Fang Zhao, Jia Yu-Tao, Tian Rong, Liu Yang
Department of Spine Surgery, Tianjin Union Medicine Center, Tianjin Institute of Spine, Tianjin 300121, China.
Chin J Traumatol. 2016;19(1):35-8. doi: 10.1016/j.cjtee.2016.01.008.
Up to date, some approaches retarding the flow of cerebrospinal fluid (CSF) could be regarded as direct applications of the fluid mechanics (Poiseuille's law). However, there is a lack of the research on the efficacy of subfascial drainage for management of CSF leak after spine surgery based on the law. This is a prospective and comparative study on subfascial drainage for CSF.
Every four months in the three years from January 2010 to December 2012, the patients were enrolled respectively in Group A, Group B and Group C, in which, the drainage tube was discontinued within postoperative 3-4 days, 5-6 days, 7-10 days. Results and complications of postoperative CSF leak were investigated, and mean wound healing time (MWHT) of the three groups was compared.

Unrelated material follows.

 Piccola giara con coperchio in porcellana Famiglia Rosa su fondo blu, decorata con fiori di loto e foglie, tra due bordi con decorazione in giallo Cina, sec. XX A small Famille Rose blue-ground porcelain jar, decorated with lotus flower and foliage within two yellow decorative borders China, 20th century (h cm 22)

A total of 108 cases (Group A/B/C:35/32/41) of CSF leak following posterior spine surgery were admitted to Tianjin Union Medicine Center, and 92 cases have been followed up for more than 1 year (follow-up rate of 85.2%). Preoperative demographics were similar among the 3 groups. In Group A, 7 patients developed CSF leak through the wound (CSFLW), of which 5 cases had to undergo reoperation. One case in Group A was confirmed to have pseudomeningocele at the 1st month after surgery. The MWHT was (16.6±3.6) days. In Group B, 3 patients developed CSFLWand cured by reoperation, in which 1 case of superficial infection recovered well after reoperation. MWHT was (11.4±2.2) days. In Group C, CSFLWwas not found and MWHT was (10.1±2.9) days. The differences of MWHT among Groups A, B and C were statistically significant.

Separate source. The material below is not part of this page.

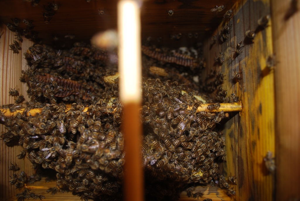 今年、3月に逃亡したミツバチの巣を冷凍庫に入れ忘れ、

Postoperative subfascial drainage, which is used to decrease the subfascial space pressure (P₂), would help wound healing. When it is placed for more than 7 days, the wound resistance (Rw) would be strong enough to withstand the subarachnoid pressure (P₁). Meanwhile, the power trans- duction in a sequence of Rw > P₂ > P₁ will indirectly retard CSF leak at the durotomy site and accordingly facilitate the healing of damaged spinal dura mater.
迄今为止,一些延缓脑脊液(CSF)流动的方法可被视为流体力学(泊肃叶定律)的直接应用。然而,基于该定律对脊柱手术后脑脊液漏进行筋膜下引流疗效的研究尚缺乏。这是一项关于脑脊液筋膜下引流的前瞻性对照研究。
在2010年1月至2012年12月的三年间,每四个月分别纳入A组、B组和C组患者,其中,引流管分别在术后3 - 4天、5 - 6天、7 - 10天拔除。调查术后脑脊液漏的结果及并发症,并比较三组的平均伤口愈合时间(MWHT)。
天津医科大学总医院共收治108例脊柱后路手术后脑脊液漏患者(A组/ B组/ C组:35/32/41),92例获得随访1年以上(随访率85.2%)。三组患者术前人口统计学特征相似。A组7例患者发生经伤口脑脊液漏(CSFLW),其中5例需再次手术。A组1例患者术后第1个月确诊为假性脑脊膜膨出。MWHT为(16.6±3.6)天。B组3例患者发生CSFLW,经再次手术治愈,其中1例浅表感染经再次手术后恢复良好。MWHT为(11.4±2.2)天。C组未发现CSFLW,MWHT为(10.1±2.9)天。A、B、C三组MWHT差异有统计学意义。
术后筋膜下引流用于降低筋膜下间隙压力(P₂),有助于伤口愈合。当放置超过7天时,伤口阻力(Rw)将足够强大以承受蛛网膜下腔压力(P₁)。同时,Rw > P₂ > P₁的顺序中的功率转换将间接延缓硬脑膜切开部位的脑脊液漏,从而促进受损硬脊膜的愈合。